In 1969 there was a collision in the Thames estuary and I took the photograph of this ship when she was berthed in Tilbury docks. Somewhere I have a foto of the damage to the other vessel but haven't found it yet. 

Can anyone remember the incident and the name of the two vessels?


----------



## muldonaich (Nov 19, 2005)

i think you will find the photo you took was of the crystal jewel the other ship was the british aiviator regards kev.


----------



## muldonaich (Nov 19, 2005)

sorry im wrong jewel had midship acc kev.


----------



## Thamesphil (Jul 22, 2005)

Looking in Talbot-Booth's Merchant Ships, she looks suspiciously like the Middlesex Trader or Surrey Trader.

Phil


----------



## sam2182sw (Jul 24, 2005)

dont think it is the middlesex trader the trader boats had a big black T in a big round circle in the funnel sam


----------



## Ian (Mar 27, 2004)

i do believe she is an ex trader boat but i cant remember wich one, at the time of her collision she was called HOMER under the greek flag she came to smiths docks north shields according to my notes wich i have for every ship at smiths for repair from september 1963 to may 1972, when she arrived her windlass was on the tank top of No 1 hold, we had to hire a proffesional blaster to get the cement out of her fore end before we could start the steelwork repairs, the date i have for her arrival was 13/12/1969, hope this is a help for you.
PS i may put the info of all ships between dates above on the site when i find time.

cheers tom (*))


----------



## Baltic Wal (Jun 27, 2005)

Tom, 

thank you the name HOMER comes back to mind. The collision was in fog in the thames estuary and the other vessel had a large hole in her hull, but did not sink.

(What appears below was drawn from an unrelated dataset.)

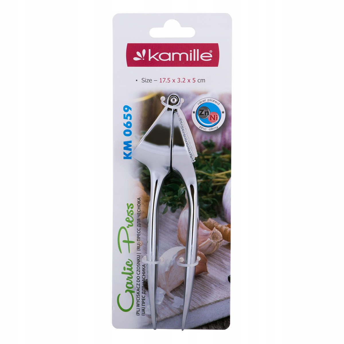 Чеснокодавилка Kamille изготовлена из высококачественного цинкового сплава. Дополнительно пресс оснащен зубчатым элементом, который позволяет одним движением удалить остатки, оставшиеся при прессовании чеснока.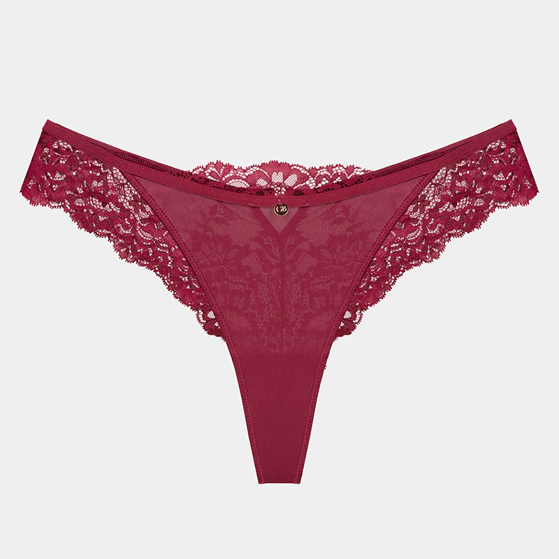 • Chiloți Brazil cu talie simplă • Dantelă decorativă • Inserție bumbac • 82% poliamidă, 18% elastan

The Homer was the ex MIDDLESEX TRADER renamed the year of the incident.


----------



## Baltic Wal (Jun 27, 2005)

Tom,

As said Homer rang a bell. I have been going through my photo's and came across two of the ELISA F with comments that she had been hit by the HOMER, this is one, I will post the other on the Gallery.


----------



## Baltic Wal (Jun 27, 2005)

*Sorry*

The attachment failed due to the silly constraints of the system will allow 800 by 600 but not 600 by 800 (Ouch)


----------



## KenLin39 (Apr 30, 2005)

*800 x 600 or 600 x 800*

Had it happen to me Wal, turned the photo 90 deg and it worked. Ken.


----------